# static IP disconnecting?



## Maynard46 (Dec 31, 2009)

i have linksys WRT54G wireless g router and i recently setup a static IP for my xbox 360. Since doing this i have been forced to power off my router and modem due to the connection with xbox live being lost. I have also lost connection with my PC. 

i called my ISP when i setup the static ip to get the primary and secondary DNS. I setup my routers IP range from .100 to .105......and i setup the static ip as .150 for the 360

having to power off/on the router and modem isnt a huge deal, but its not something i was forced to do before and i wonder if i did something wrong with the static ip because it never did this before. 


also, i have always been told that a static ip opens all ports for that IP....but with the 360 you have ports that need to be opened and even though i used the static ip i still had to open these ports in the Port Range Forward area of the router.....why is this?

i am no networking person by any means and basically self taught. which in my case means i am not 100% sure and was hoping to get some accurate info on what im doing

thanks guys.....happy new year!


----------



## johnwill (Sep 26, 2002)

The static IP assignments doesn't open any ports, it just assigns the static IP address. You still have to open any required ports in the router.


----------



## Maynard46 (Dec 31, 2009)

thank you John for the quick reply. Any thoughts on the disconnections? every linksys router i have had has been complete garbage, so it wouldnt surprise me if this one was going as well.


----------



## johnwill (Sep 26, 2002)

No clue, but you can do some basic steps to try to improve it.


Some things you can try here, listed in the order you should try them.


For wireless connections, remove all the stored wireless profiles and search for networks. You'll have to enter the encryption key again, which is sometimes the issue for connection problems.
For wireless connections, change the channel on the router, I like channels 1, 6, and 11 in the US.
For wireless connections, try moving either the wireless router/AP or the wireless computer. Even a couple of feet will sometimes make a big difference.
Update the network drivers (wired and wireless) on your computer to the latest available.
Update the firmware to the latest version available on the manufacturer's site.
Reset the router to factory defaults and reconfigure.

Many times these measures will resolve a lot of intermittent issues.


----------



## Maynard46 (Dec 31, 2009)

thanks again John

i updated the firmware and will see how that works out. 
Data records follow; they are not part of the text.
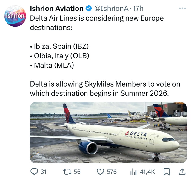 A confermare che sarà Olbia una delle papabili destinazioni, per altro per noi gia’ scelte perché non é un sondaggio di facciata a sancire la scelta circa il rischio finanziario industriale di una nuova destinazione. Ishrion Aviation sul social X indica Olbia, Sardinia – poi Malta e Ibiza Spain
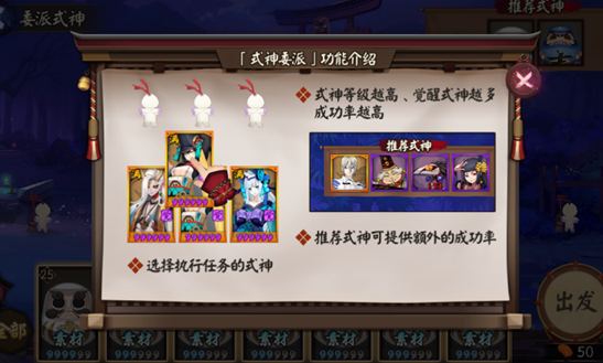 这是一个偏福利的更新,重点在于完美达成之后的奖励,建议放置高等级的推荐式神,提高任务成功率。
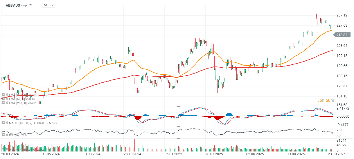 AbbVie beats earnings forecasts but faces pressure from slowing oncology and aesthetics sales. The stock is down almost 4% today, falling to the lowest level since September 26.
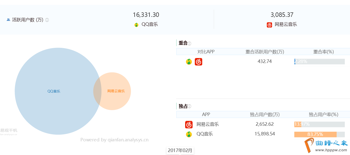 从上图可见,两款APP的用户重合率惟有2。28%,这样低的重合率源于产物的类型,分别于其他类型产物如电商类或者社交类,用户会下载并利用多个产物,由于分别的产物各有着重,能够知足用户分别的需求。而对待转移音笑产物,用户习俗了一款APP考试另一款的意图会很低,由于两款产物管理的需求大致相通,大凡来说用户不会本日听,翌日用网易云音笑,像如许两款APP换着用。以是对待网易云音笑来说念要从手里抢走用户必需超越我方的分歧化逐鹿上风,弯道超车,不然是很难跟这个巨头逐鹿的。

i have one other question. I use wired connections for my pc and 360, but i have other users in my home that connect via wireless. I am curious if there is a way to limit the amount of bandwidth the wireless users are getting to keep my wired connection running faster while they are online at the same time?

thanks!!


----------



## johnwill (Sep 26, 2002)

You can configure QoS in the router, but most SOHO routers don't have that effective an implementation of QoS to really make it work. If you have a router that's compatible with DD-WRT firmware, it has real bandwidth management.


----------